Prisma - You Name It review
|Album:||You Name It|
|Release date:||January 2012|
03. Alpha Fiasko
04. 123 Part 1
07. The Loyal
08. God's Heir
10. Armada Insanity
11. Trigger Architect
Warning: The word Tool will be over-mentioned in this article .
Before I begin talking about Prisma's latest, I need to make something clear here . In the last few years, we noticed a decent number of bands being wholly influenced by the dynamical structures & evolving sound of none other than the American progressive rock mynheers, Tool . You can notice the tendency toward a much more deeper sound with melodic and apparent bass lines, irregular time signatures, Adam Jones' kinda riffs & spiritual soundscapes that transgress the typical approach of composition in rock and metal music.

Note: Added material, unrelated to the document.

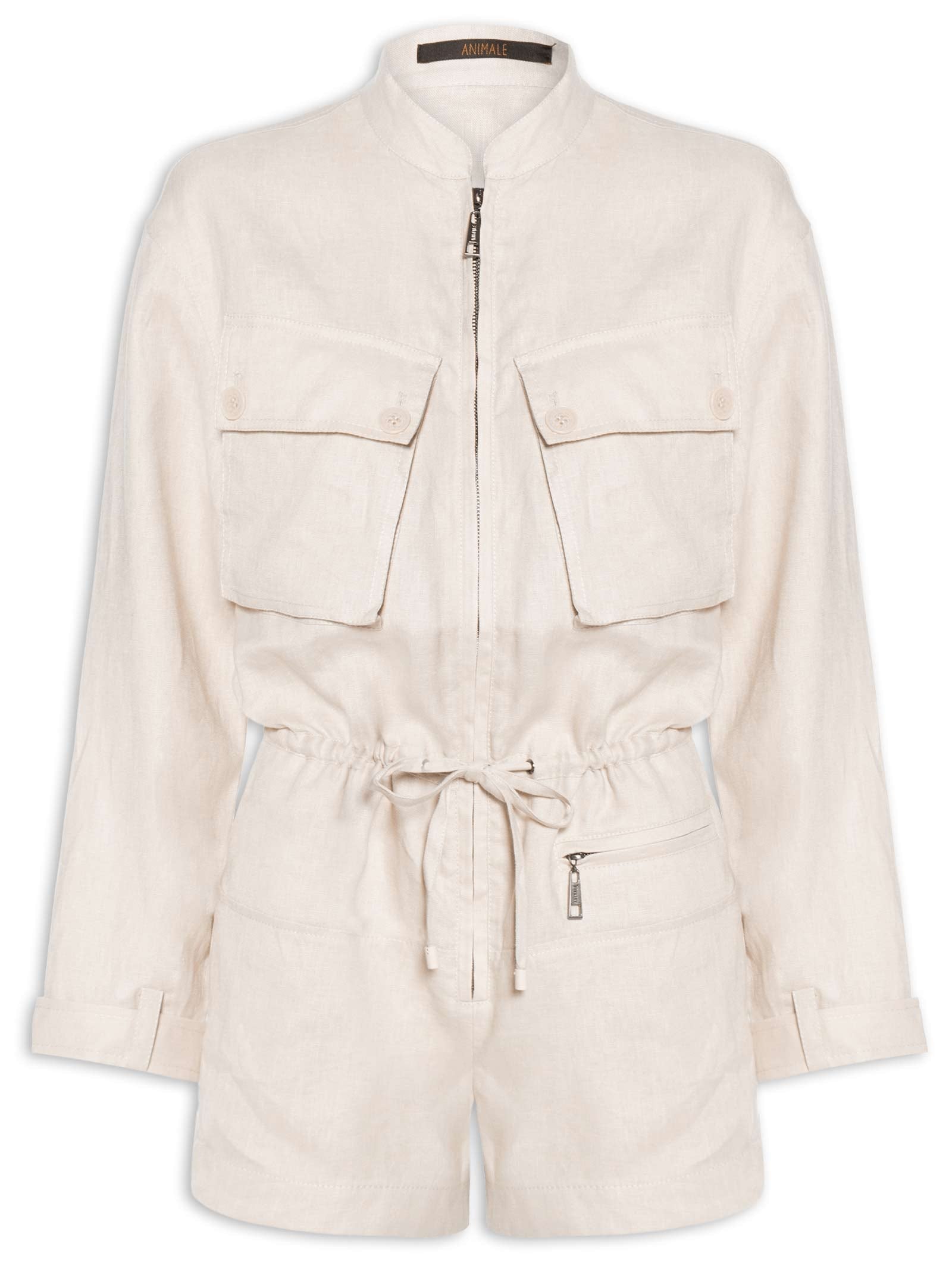 Macacão Feminino Manga Longa De Tricot Com Estampa Geométrica - Bege

In bands such as Rishloo, Soen, Isis, & Mastodon you can notice the aforementioned tendencies . Even slightly affected by the Toolish elements like Katatonia's Dead End Kings as some critics described. This simply goes on because Tool successfully created a whole genre of their own over the past two decades and validate it with their penetrating lyrics and their artistic and weird music videos aspects that gave them a firm yet innovating identity .
The Swiss Prisma is not different from the aforementioned bands, but on their second studio album, You Name It, we can see the birth of Prisma's own sound, even though it's not quite clear yet . If you'd pretend that you have never heard of a band named Tool, you can see the different approach they took in "Epigon ", "Broker" and at the end of "God's Heir" . But away from those tracks, the album still sound Toolish!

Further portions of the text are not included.